--- Supplied data ---
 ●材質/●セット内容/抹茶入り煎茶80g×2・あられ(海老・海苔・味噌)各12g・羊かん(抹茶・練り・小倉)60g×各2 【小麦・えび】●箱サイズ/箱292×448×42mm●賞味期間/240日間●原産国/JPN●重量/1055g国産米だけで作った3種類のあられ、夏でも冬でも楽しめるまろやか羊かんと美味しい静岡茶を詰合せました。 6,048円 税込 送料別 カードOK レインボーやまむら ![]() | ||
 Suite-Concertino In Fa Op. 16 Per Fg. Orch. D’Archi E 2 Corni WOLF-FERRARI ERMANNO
...
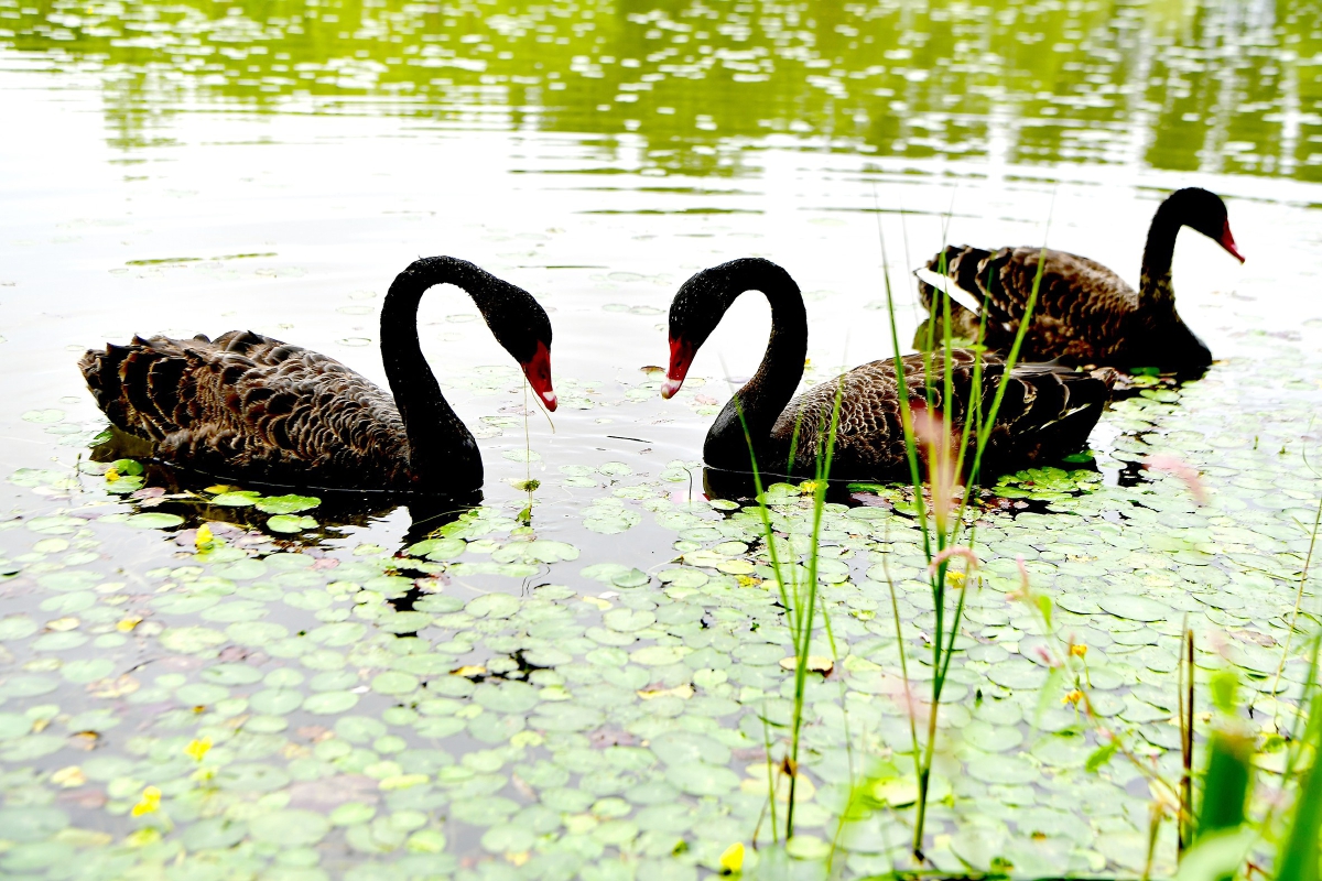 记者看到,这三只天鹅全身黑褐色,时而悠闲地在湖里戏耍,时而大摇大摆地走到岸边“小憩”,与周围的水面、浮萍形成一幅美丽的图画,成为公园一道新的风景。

--- Exercise instructions ---
Retype exactly the lines above, from the one with "レインボーやまむら ![]() | ||" through the one with "Suite-Concertino In Fa", inclusive.

--- Exercise solution ---
 ●材質/●セット内容/抹茶入り煎茶80g×2・あられ(海老・海苔・味噌)各12g・羊かん(抹茶・練り・小倉)60g×各2 【小麦・えび】●箱サイズ/箱292×448×42mm●賞味期間/240日間●原産国/JPN●重量/1055g国産米だけで作った3種類のあられ、夏でも冬でも楽しめるまろやか羊かんと美味しい静岡茶を詰合せました。 6,048円 税込 送料別 カードOK レインボーやまむら ![]() | ||
 Suite-Concertino In Fa Op. 16 Per Fg. Orch. D’Archi E 2 Corni WOLF-FERRARI ERMANNO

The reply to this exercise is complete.